I’m sure people are going to do great things. But I’ve had long conversations with people in this market, and many of them genuinely believe that what they’re doing is going to help patients. But they’re naive, and there will be gaps in their methods that will invalidate the research. It’s the “move fast, break things” mentality, which is wonderful, but please don’t move fast and break things in my daughter’s medical records.

Are there other ways to do better research that also gives patients more protection in the process?

There’s also the traditional medical research establishment that gets patients’ consent and uses the same technology in that consented way. And they get IRB approval. [Note: Institutional Review Boards, or IRBs, do ethics reviews of research that includes human subjects.]

That’s done by the government and nonprofits and also pharma. There’s great stuff out there. So I guess the question is: why do we need this whole other thing? If pharma is de-identifying and sharing data where the patients consented for research and it’s overseen by an IRB, if all of that is working, why do we need this other, risky thing? The IRB also looks at the validity of the research. Nobody’s looking at the validity of the research of this off-the-grid stuff that’s going on.

Do you think health institutions or regulatory agencies will adjust anything to block some of these data leaks or prevent some of the risks to patients?

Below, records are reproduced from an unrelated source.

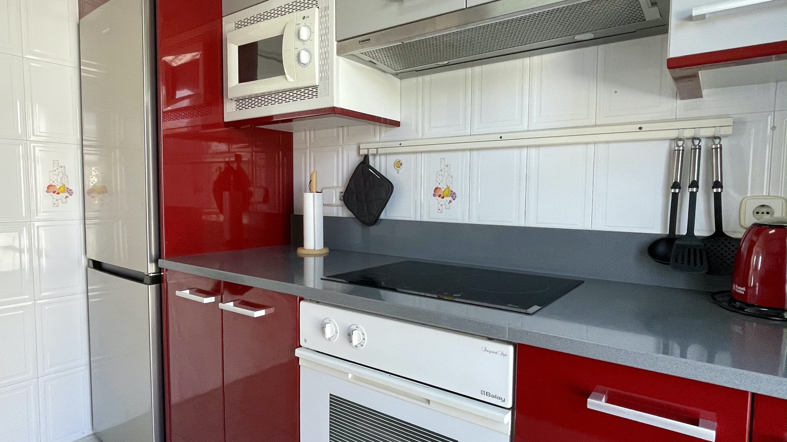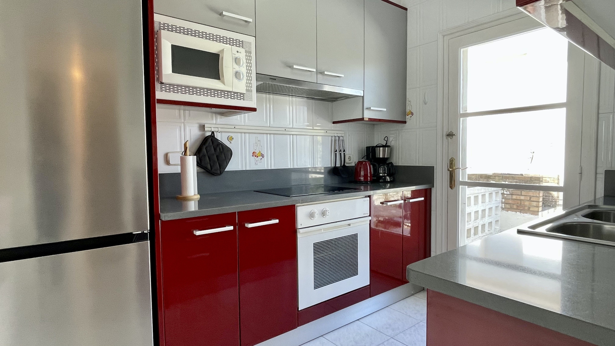 La cocina es completamente equipada e independiente, con electrodomésticos como nevera, congelador, lavadora, horno, microondas, cafetera, tostadora y menaje completo. Perfecto para preparar comidas y disfrutar de momentos gastronómicos en familia.
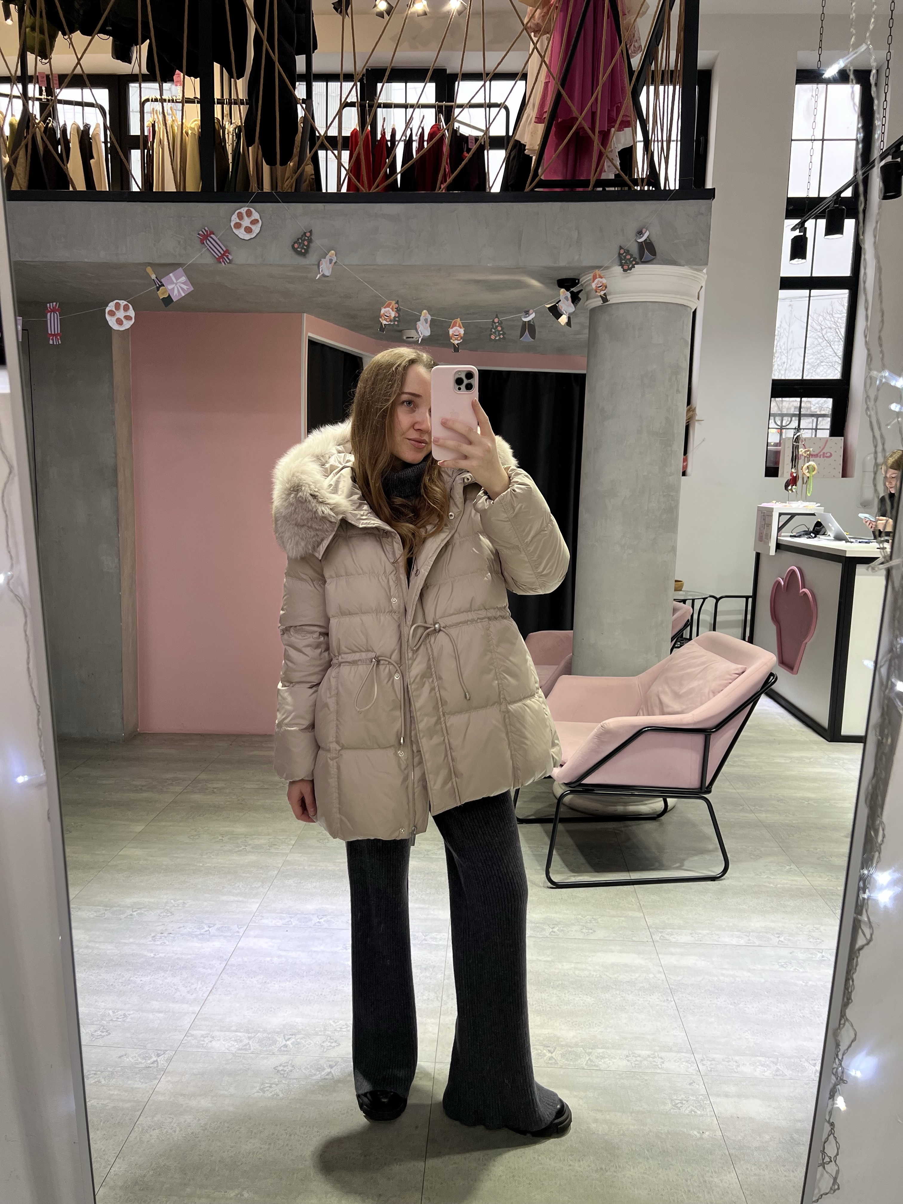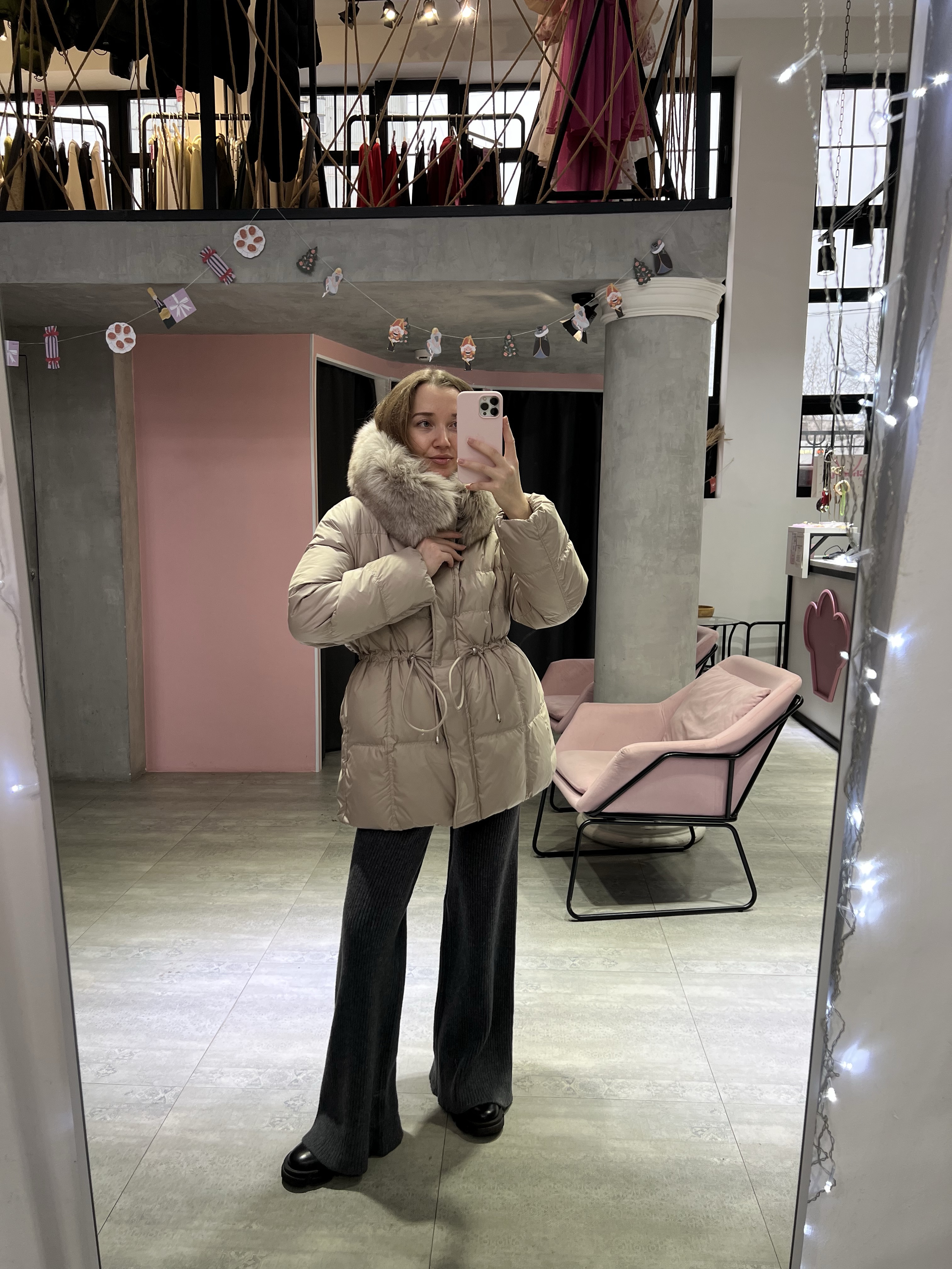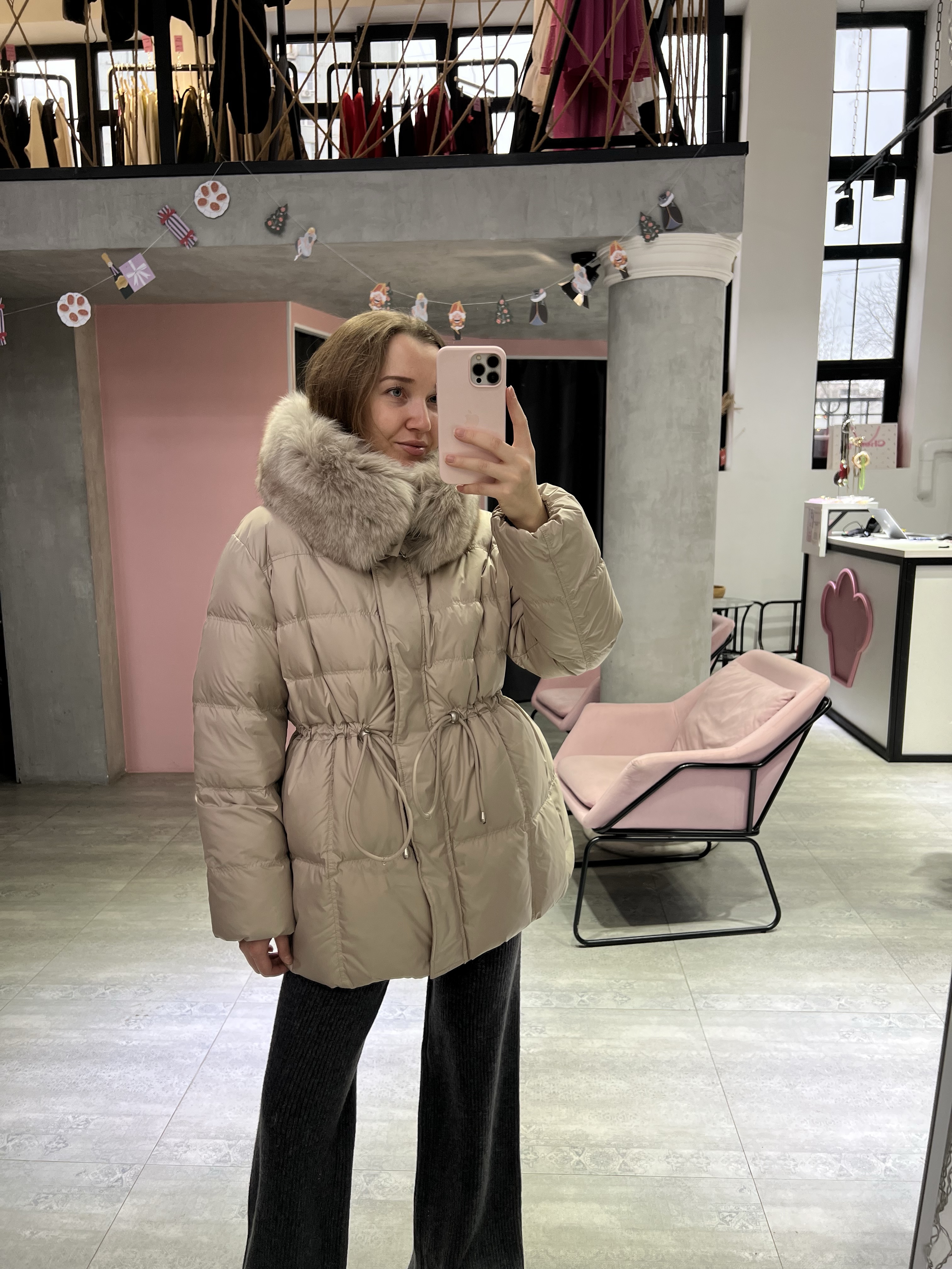 Натуральный мех добавляет образу статусности и завершённости, делая пуховик особенно эффектным. Пояс подчёркивает талию и позволяет регулировать посадку — можно носить как более приталенно, так и свободно. Универсальный вариант для города, поездок и долгих зимних прогулок
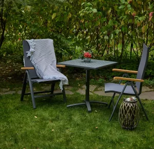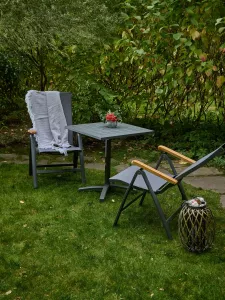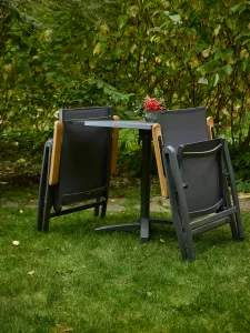 Комплект создан для того, чтобы служить вам долгие годы. Стол и кресла изготовлены из высококачественного нержавеющего алюминия, который не подвержен коррозии и легко выдерживает испытания временем. Покрытие порошковой краской цвета антрацит не только придает комплекту стильный и современный вид, но и обеспечивает дополнительную защиту от влаги, атмосферных воздействий и механических повреждений.
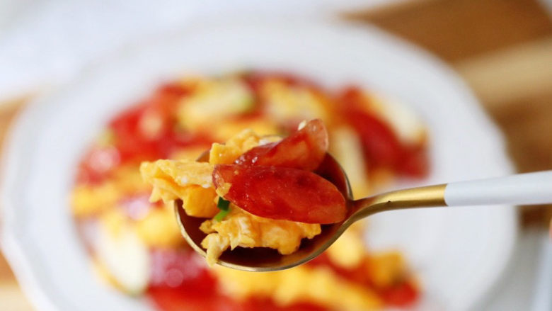 鸡蛋可以说是百搭食材了,今天用了腊肠和鸡蛋搭配,咸甜的香肠配上黄灿灿的土鸡蛋,再加上一根小葱提香,几分钟功夫,就炒出一盘色香味俱全的好菜来,做起来超级简单,吃的人却直叫好吃!
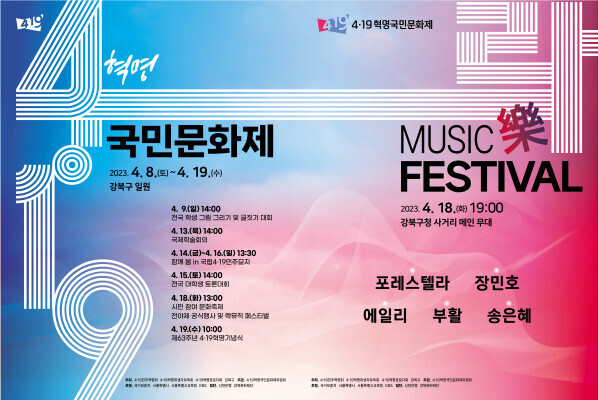 서울 강북구(구청장 이순희)가 구 대표 문화행사인 '제11회 4.19혁명국민문화제'를 이달 8~19일 구 일원에서 개최하고 있다.
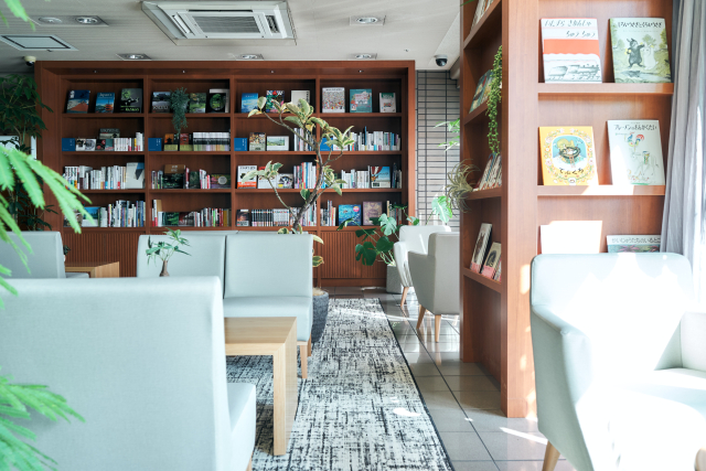 ブックラウンジにはさまざまな本を用意。お客様がくつろげるような空間を演出しています◎

Something like this is like any other kind of medical harm. An adverse event could be a destroyed credit score. I think there are parts of healthcare that take this very seriously, but I don’t think it’s second nature yet.

That’s partly because the game is always being upped. I think it’s very difficult to stay on the curve, especially in medicine. On one side, you have these speed-of-light tech and cybercrime processes going on, and the other is smart people trying to take care of patients better. And they’re just mismatched.

But I think the industry could help itself a little bit, and be more open, and say that they’ll do more with consent. Or [regulators] could make re-identification of data illegal. Something that actually protects the people who are going to suffer from this. I actually don’t believe there’s anything wrong with the technologies. It’s really more a matter of saying, “If we’re going to do this type of research, how do we ensure we’re protecting the people that might be harmed by it?”